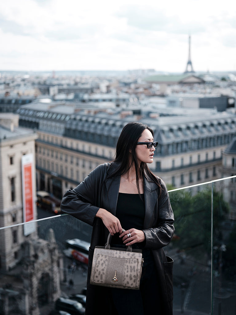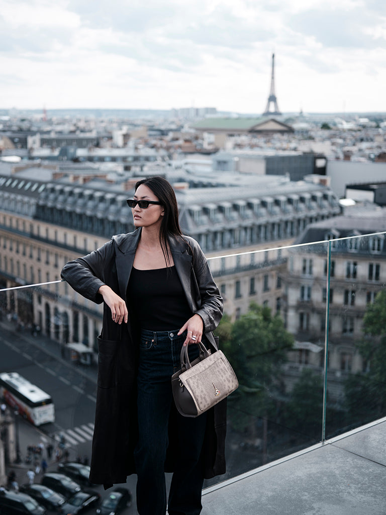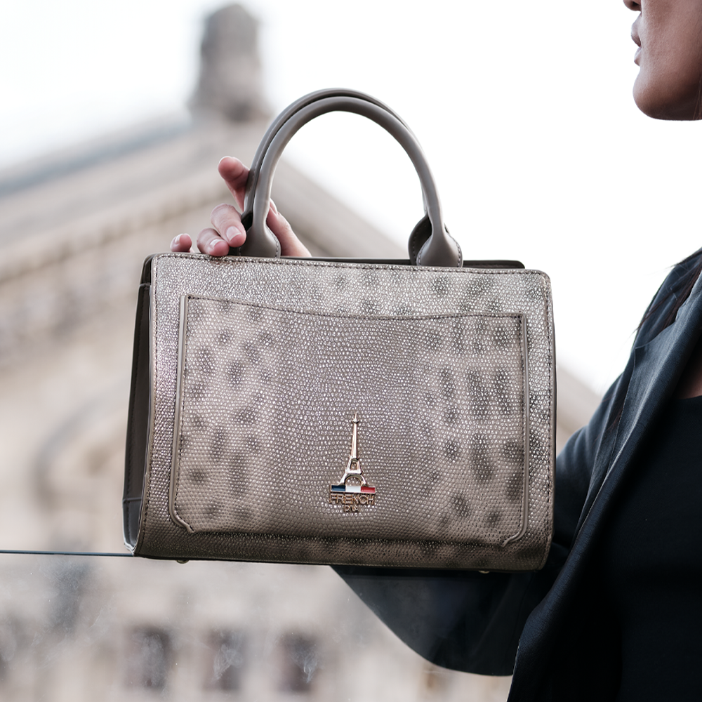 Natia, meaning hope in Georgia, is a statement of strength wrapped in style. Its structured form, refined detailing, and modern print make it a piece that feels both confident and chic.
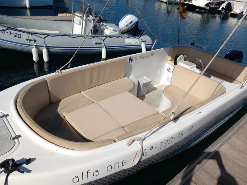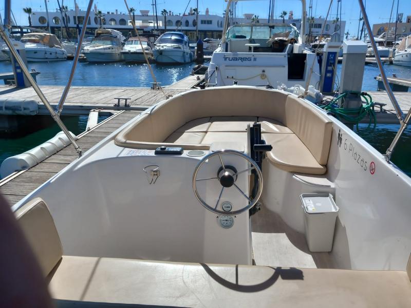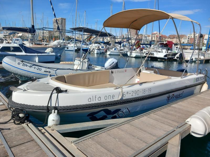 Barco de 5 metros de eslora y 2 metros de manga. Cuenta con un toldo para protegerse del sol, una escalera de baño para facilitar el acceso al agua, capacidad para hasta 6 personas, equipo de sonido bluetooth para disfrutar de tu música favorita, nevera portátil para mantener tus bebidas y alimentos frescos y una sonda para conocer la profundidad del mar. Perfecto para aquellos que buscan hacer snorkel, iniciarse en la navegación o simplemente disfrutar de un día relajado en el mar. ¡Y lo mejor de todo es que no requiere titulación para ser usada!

________________________________________

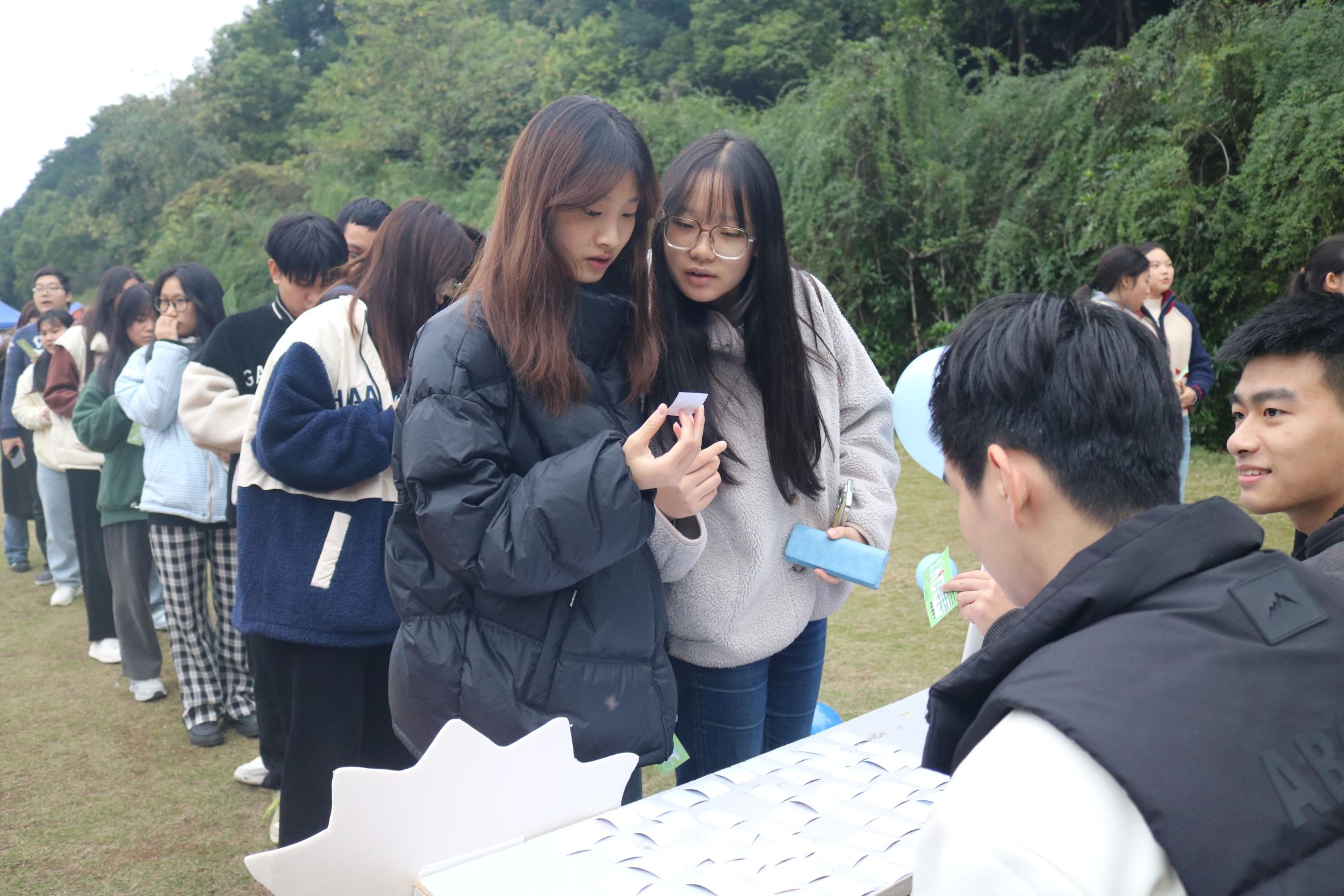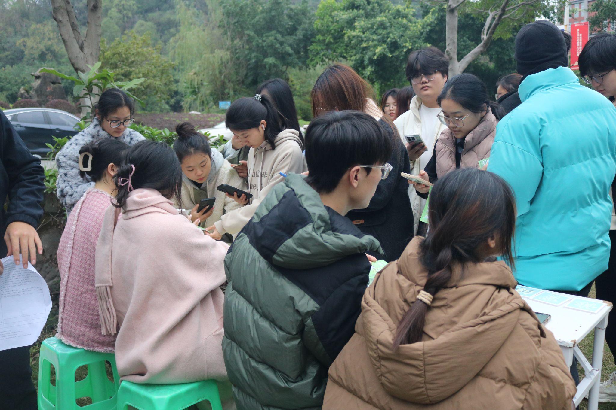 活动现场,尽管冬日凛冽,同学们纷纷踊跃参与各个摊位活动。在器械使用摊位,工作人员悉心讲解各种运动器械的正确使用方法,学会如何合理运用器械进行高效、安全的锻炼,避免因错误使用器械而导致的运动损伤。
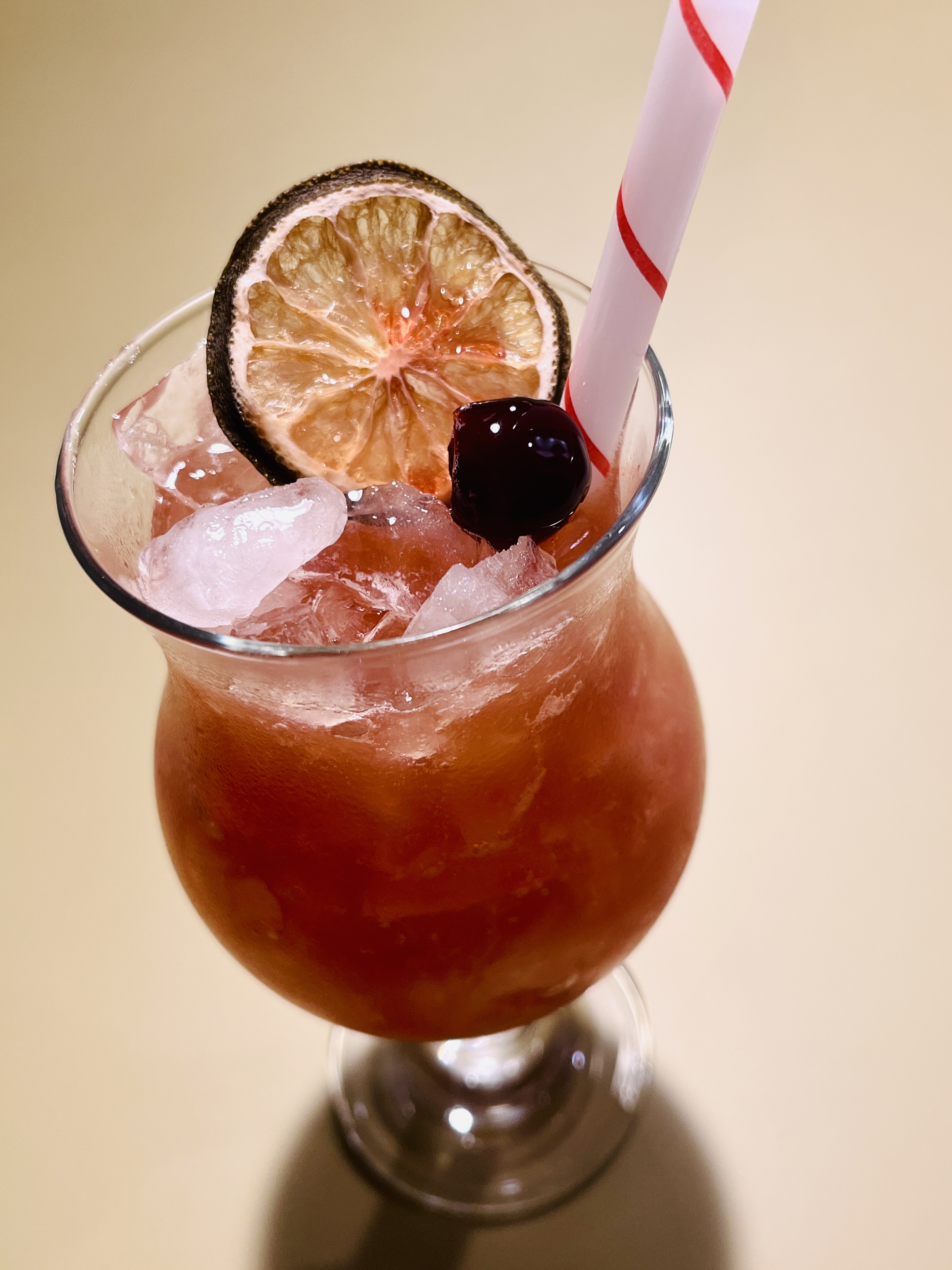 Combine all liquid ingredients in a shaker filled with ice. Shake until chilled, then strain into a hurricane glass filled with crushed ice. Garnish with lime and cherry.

________________________________________

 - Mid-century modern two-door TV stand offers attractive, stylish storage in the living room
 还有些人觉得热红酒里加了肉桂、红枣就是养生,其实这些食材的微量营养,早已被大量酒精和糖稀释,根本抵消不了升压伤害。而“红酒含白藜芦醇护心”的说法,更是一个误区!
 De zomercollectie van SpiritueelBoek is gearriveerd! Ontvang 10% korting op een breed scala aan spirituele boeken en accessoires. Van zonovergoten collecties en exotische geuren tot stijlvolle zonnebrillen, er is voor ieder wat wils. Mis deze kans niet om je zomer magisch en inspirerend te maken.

________________________________________

* [Your assignment]
Above are the records; restate exactly the lines from the one containing "Natia, meaning hope" through the one containing "Barco de 5 metros", keeping pictures out.

* [Solution]
 Natia, meaning hope in Georgia, is a statement of strength wrapped in style. Its structured form, refined detailing, and modern print make it a piece that feels both confident and chic.
 Barco de 5 metros de eslora y 2 metros de manga. Cuenta con un toldo para protegerse del sol, una escalera de baño para facilitar el acceso al agua, capacidad para hasta 6 personas, equipo de sonido bluetooth para disfrutar de tu música favorita, nevera portátil para mantener tus bebidas y alimentos frescos y una sonda para conocer la profundidad del mar. Perfecto para aquellos que buscan hacer snorkel, iniciarse en la navegación o simplemente disfrutar de un día relajado en el mar. ¡Y lo mejor de todo es que no requiere titulación para ser usada!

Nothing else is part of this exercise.